→ **Task item**
Only the text of the records below belongs in the answer, copied exactly, with pictures omitted.

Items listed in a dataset
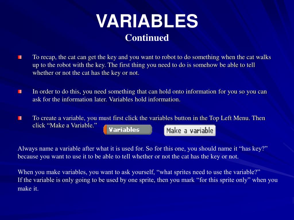 VARIABLESContinued • To recap, the cat can get the key and you want to robot to do something when the cat walks up to the robot with the key. The first thing you need to do is somehow be able to tell whether or not the cat has the key or not. • In order to do this, you need something that can hold onto information for you so you can ask for the information later. Variables hold information. • To create a variable, you must first click the variables button in the Top Left Menu. Then click “Make a Variable.” Always name a variable after what it is used for. So for this one, you should name it “has key?” because you want to use it to be able to tell whether or not the cat has the key or not. When you make variables, you want to ask yourself, “what sprites need to use the variable?” If the variable is only going to be used by one sprite, then you mark “for this sprite only” when you make it.
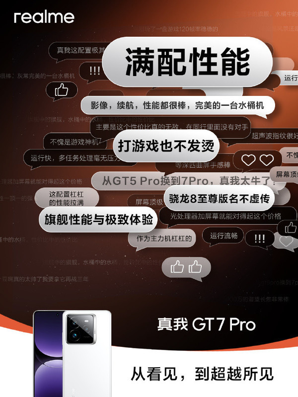 【CNMO科技消息】11月8日,真我手机官方正式公布了真我GT7 Pro预售期的用户评价,收获了一大波用户真实好评。不少用户评价称,“运行流畅不卡顿”、“影像、续航、性能都很棒,完美的一台水桶机”、“玩游戏帧率很稳”、“打游戏也不发烫”、“骁龙8至尊版名不虚传”、“不愧是游戏神机”等。
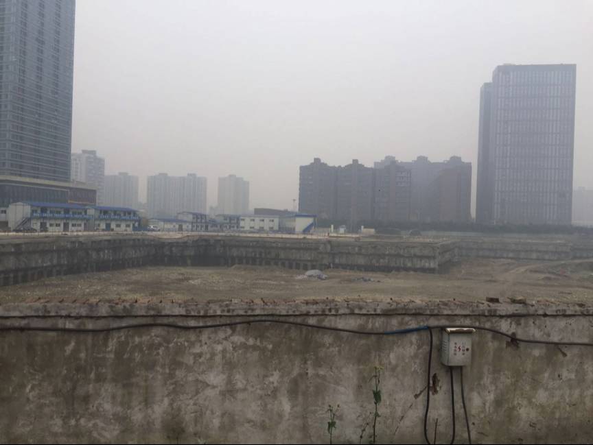 观察员走访该地块发现,周边围挡陈旧,施工板房林立,富森置业建造的地基部分已初见轮廓。地块内部平整,前期地基和地下室建设痕迹明显。
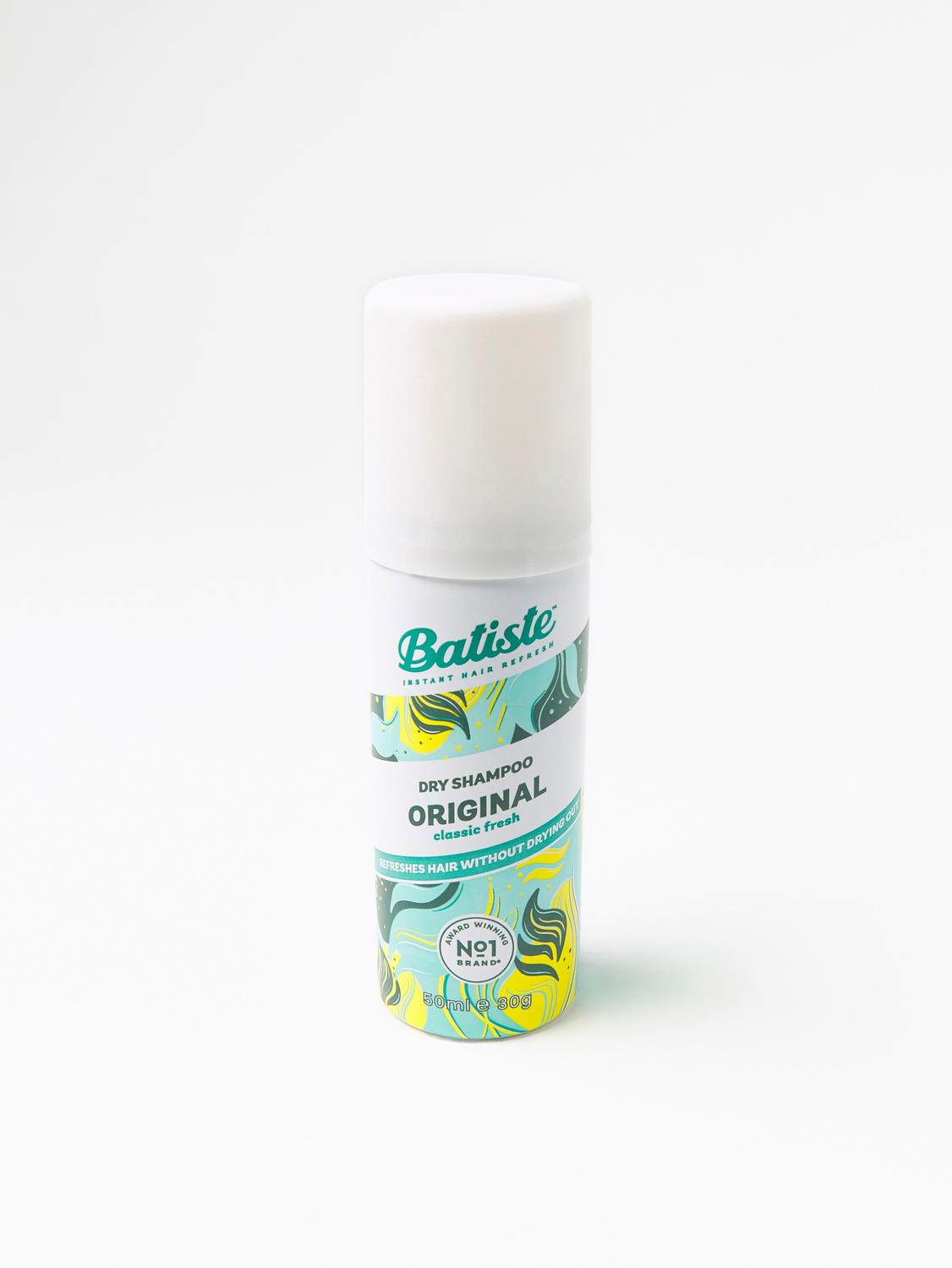 Batiste Original är ett klassiskt torrschampo med en behaglig doft som gör håret rent och fräscht. Det här är ett torrschampo som inte bara doftar gott, utan även ger volym och struktur – inga fler dåliga hårdagar. Batiste Original rengör och fräschar upp håret utan att lämna vita pulverrester. Den här praktiska miniflaskan är perfekt att ta med på resan, i handväskan eller i gymväskan för en snabb uppfräschning närhelst du behöver. 50 ml SE VARNING: Använd i ett välventilerat område och undvika direkt inandning. Medvetet missbruk i form av att koncentrera och inhalera innehållet kan vara skadlig eller livshotande. Undvik att spraya i ögonen. Använda ej på skadad eller irriterad hud. Sluta använda produkten om hud eller hårbotten blir irriterad. Sök läkare om irritationen kvarstår. Använd enbart enligt instruktioner. Ej för intimhygien. FARA: Extremt Brandfarlig Aerosol. Tryckbehållare: Kan explodera vid upphettning. Förvaras åtskilt från värme, gnistor, öppen eld, varma ytor eller andra antändningskällor. Rökning förbjuden. Spraya ej mot öppen eld eller andra antändningskällor. Får inte punkteras eller brännas, inte heller efter bruk. Skydda mot solljus. Får inte utsättas för temperaturer över 50°C. FÖRVARAS OTILLGÄNGLIGT FÖR BARN.
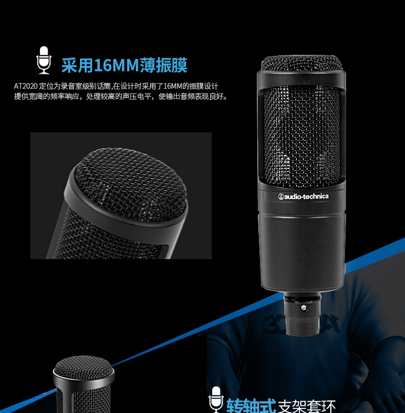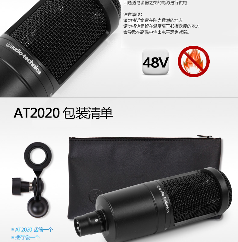 商品名称:Audio Technica/铁三角 AT2020 录音室可用 电容话筒
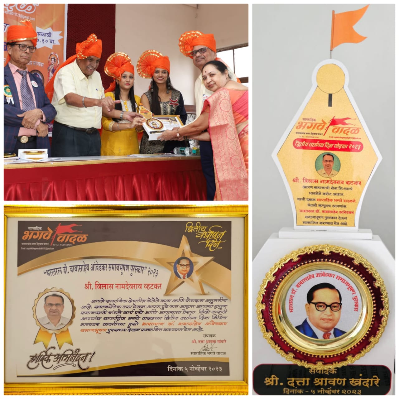 श्री. सुकृत खांडेकर संपादक दैनिक प्रहार यांच्या हस्ते "भारतरत्न डाॅ. बाबासाहेब आंबेडकर समाजभूषण पुरस्कार" प्रदान करण्यात आला. विलास व्हटकर यांनी सपत्नीक पुरस्कार स्वीकारला.
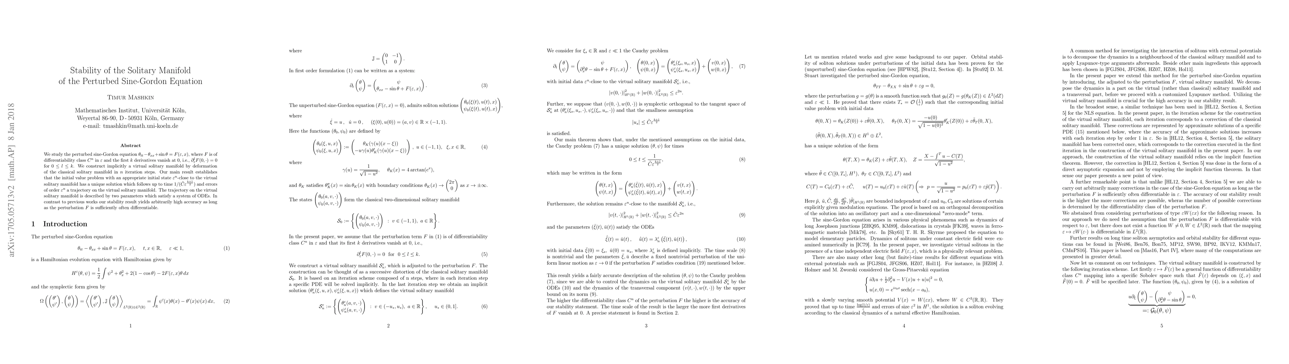 This paper investigates the stability of solitary waves in the perturbed sine-Gordon equation, constructing a virtual solitary manifold through iterative deformations. It proves that solutions starting close to this manifold remain on it with high accuracy, provided the perturbation function is sufficiently differentiable.
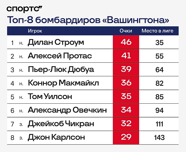 У «Вашингтона» нет игрока в топ-30 бомбардиров
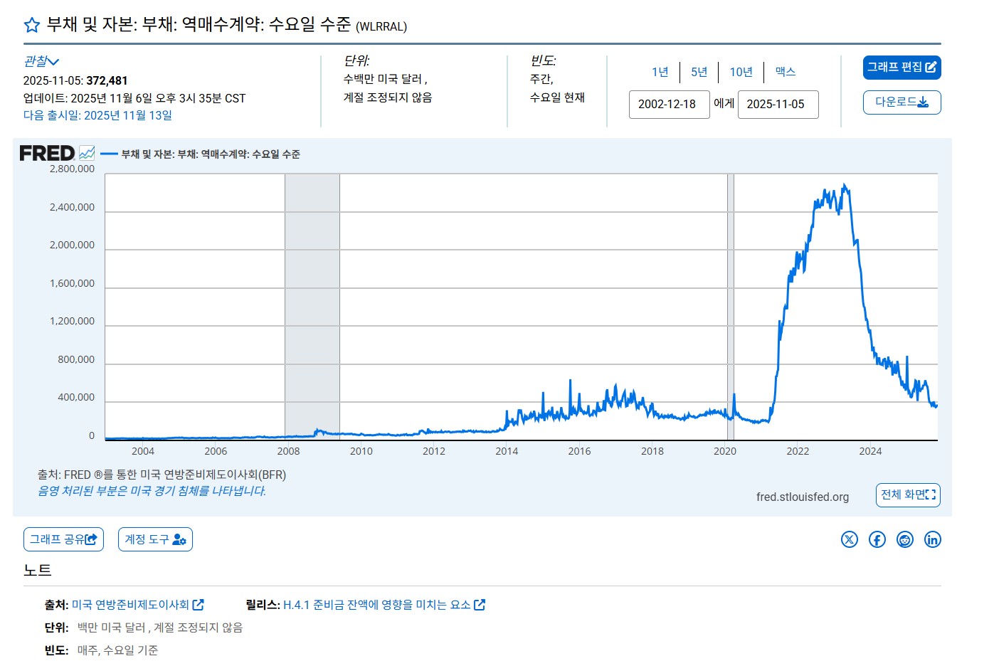 RRP(역레포) — 단기자금이 연준에 머무는 규모. 감소 지속이면 유동성 완화 신호.
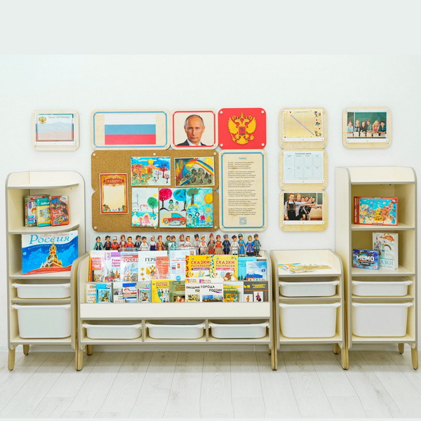 Удобные стеллажи с полками и ящиками содержат всё необходимое наполнение, чтобы проводить занятия с дошкольниками 3-6 лет. Акриловые рамки служат для размещения полезной информации: портрет губернатора, герб и флаг региона, национальный праздник или историческая личность, которую изучают юные воспитанники. На пустой пробковой панели можно легко размещать работы детей или распечатанный наглядный материал к уроку.
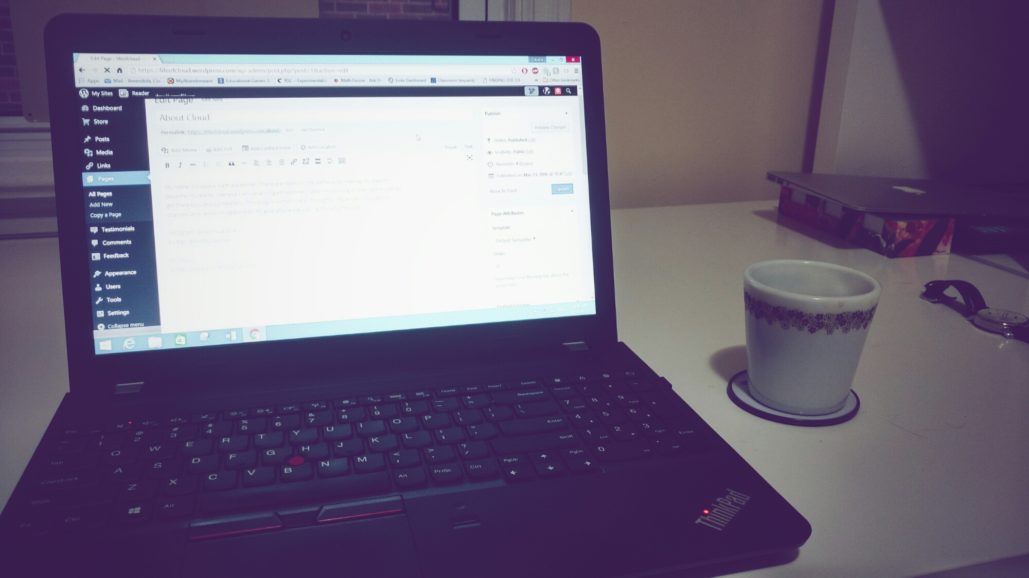 Following my shower and the usual routine of morning prep, I was able to sit and do this; write in my blog.
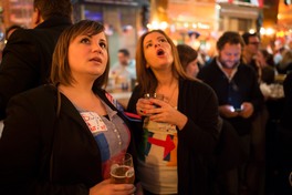 GB. England. London. 2016. Democrats abroard, the official Democratic Party arm for Americans living outside the US, at the Marylebone Sports Bar and Grill watch the US election unfold.

→ **Solution for this exercise**
 VARIABLESContinued • To recap, the cat can get the key and you want to robot to do something when the cat walks up to the robot with the key. The first thing you need to do is somehow be able to tell whether or not the cat has the key or not. • In order to do this, you need something that can hold onto information for you so you can ask for the information later. Variables hold information. • To create a variable, you must first click the variables button in the Top Left Menu. Then click “Make a Variable.” Always name a variable after what it is used for. So for this one, you should name it “has key?” because you want to use it to be able to tell whether or not the cat has the key or not. When you make variables, you want to ask yourself, “what sprites need to use the variable?” If the variable is only going to be used by one sprite, then you mark “for this sprite only” when you make it.
 【CNMO科技消息】11月8日,真我手机官方正式公布了真我GT7 Pro预售期的用户评价,收获了一大波用户真实好评。不少用户评价称,“运行流畅不卡顿”、“影像、续航、性能都很棒,完美的一台水桶机”、“玩游戏帧率很稳”、“打游戏也不发烫”、“骁龙8至尊版名不虚传”、“不愧是游戏神机”等。
 观察员走访该地块发现,周边围挡陈旧,施工板房林立,富森置业建造的地基部分已初见轮廓。地块内部平整,前期地基和地下室建设痕迹明显。
 Batiste Original är ett klassiskt torrschampo med en behaglig doft som gör håret rent och fräscht. Det här är ett torrschampo som inte bara doftar gott, utan även ger volym och struktur – inga fler dåliga hårdagar. Batiste Original rengör och fräschar upp håret utan att lämna vita pulverrester. Den här praktiska miniflaskan är perfekt att ta med på resan, i handväskan eller i gymväskan för en snabb uppfräschning närhelst du behöver. 50 ml SE VARNING: Använd i ett välventilerat område och undvika direkt inandning. Medvetet missbruk i form av att koncentrera och inhalera innehållet kan vara skadlig eller livshotande. Undvik att spraya i ögonen. Använda ej på skadad eller irriterad hud. Sluta använda produkten om hud eller hårbotten blir irriterad. Sök läkare om irritationen kvarstår. Använd enbart enligt instruktioner. Ej för intimhygien. FARA: Extremt Brandfarlig Aerosol. Tryckbehållare: Kan explodera vid upphettning. Förvaras åtskilt från värme, gnistor, öppen eld, varma ytor eller andra antändningskällor. Rökning förbjuden. Spraya ej mot öppen eld eller andra antändningskällor. Får inte punkteras eller brännas, inte heller efter bruk. Skydda mot solljus. Får inte utsättas för temperaturer över 50°C. FÖRVARAS OTILLGÄNGLIGT FÖR BARN.
 商品名称:Audio Technica/铁三角 AT2020 录音室可用 电容话筒
 श्री. सुकृत खांडेकर संपादक दैनिक प्रहार यांच्या हस्ते "भारतरत्न डाॅ. बाबासाहेब आंबेडकर समाजभूषण पुरस्कार" प्रदान करण्यात आला. विलास व्हटकर यांनी सपत्नीक पुरस्कार स्वीकारला.
 This paper investigates the stability of solitary waves in the perturbed sine-Gordon equation, constructing a virtual solitary manifold through iterative deformations. It proves that solutions starting close to this manifold remain on it with high accuracy, provided the perturbation function is sufficiently differentiable.
 У «Вашингтона» нет игрока в топ-30 бомбардиров
 RRP(역레포) — 단기자금이 연준에 머무는 규모. 감소 지속이면 유동성 완화 신호.
 Удобные стеллажи с полками и ящиками содержат всё необходимое наполнение, чтобы проводить занятия с дошкольниками 3-6 лет. Акриловые рамки служат для размещения полезной информации: портрет губернатора, герб и флаг региона, национальный праздник или историческая личность, которую изучают юные воспитанники. На пустой пробковой панели можно легко размещать работы детей или распечатанный наглядный материал к уроку.
 Following my shower and the usual routine of morning prep, I was able to sit and do this; write in my blog.
 GB. England. London. 2016. Democrats abroard, the official Democratic Party arm for Americans living outside the US, at the Marylebone Sports Bar and Grill watch the US election unfold.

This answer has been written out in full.